Have a look in yellow pages for your local stainless steel stockholder, mine keep solid upto 9" dia and various tubes and can cut it into suitable lengths. Spin it up in your lathe with some 320grit paper and you will get a nice brushed finish (cover the bed to keep the abrasive off)

Jason


----------



## Shultzy (1 Dec 2006)

This site supply all SS products
http://www.applegate.co.uk/company/01/05/517.htm


----------



## Slim (1 Dec 2006)

Cheers guys, I'll look into that.

Dave, Sorry, I didn't notice you were in the US.

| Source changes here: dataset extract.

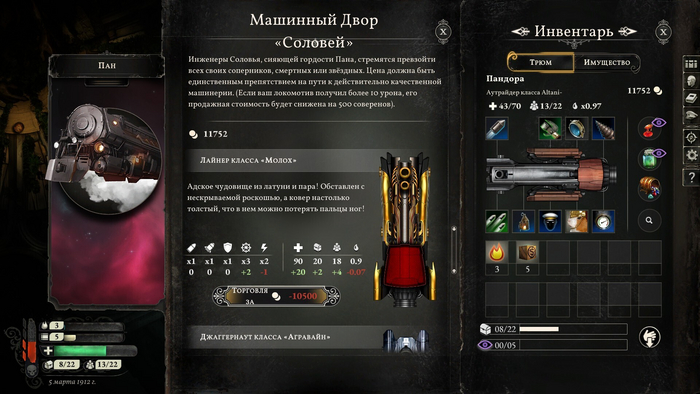 А вот тут уже более спорное решение, по крайней мере, каким оно представлено в финальной версии игры. Потому что Молох — это самый элитный из элитнейших локомотивов. Максимум выживаемости, максимальный трюм и каюты. Единственный минус на фоне Атланти из Эмпирея — два слота с молнией вместо трёх. Но полагаю, это лишь для меня будет минусом. В остальном это локомотив, позволяющий запастись припасами и топливом до второго пришествия и наворачивать круг за кругом по любому из четырёх регионов. И по описанию цели на этот локомотив выходило, что он должен был продаваться строго в Королевском Обществе.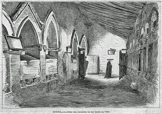 | El claustro de San Pedro el Viejo de Huesca fue lugar de enterramiento (La Ilustración Española y Americana 1874) |

Anymore suggestions would be gratefully received.

Many Thanks


----------



## wrightclan (5 Dec 2006)

Some steel stockholders don't like to sell in small quantities or to non-account holders. Others are more amenable. So it pays to make a few phone calls. Another option is to buy worktop legs and cut them to length, if you have an accurate way of doing so.

Brad


----------



## woodbloke (5 Dec 2006)

Gidon wrote:


> she's 94 and wants a massive plasma screen!


Rock on! :lol: I prefer the solid round maple supports. How will you do the walnut stuff - from the solid or veneered and how will you join at the corners? - Rob


----------



## Slim (5 Dec 2006)

Yes woodbloke, I think you are right. I am going to go for the round maple columns.

The customer wants solid walnut. There is a sale at British Hardwoods on Saturday so I am going to see if I can get some cheaper stuff. I know they don't have alot of walnut in stock though.

The corners are 45 degree mitres, I am either going to biscuit or dowel them to stop the natural tendancy for the mitres to slide apart.

Do you think that would be strong enough?


----------



## woodbloke (5 Dec 2006)

Slimjim81 wrote:


> The corners are 45 degree mitres, I am either going to biscuit or dowel them to stop the natural tendancy for the mitres to slide apart.


This is a personal view, but I feel that this 'slabby' type of construction is more suited to the use of veneered man made boards (mdf, ply). Long mitre joints will be very tricky to cut accurately and glue together (use either a table saw or 45deg router cutter) and I would use biscuits to reinforce the joint. On the other hand the customer is _always_ right so if she wants it in the solid without any joint evidence showing you might even mitre dovetail them :lol: :lol: - Rob


----------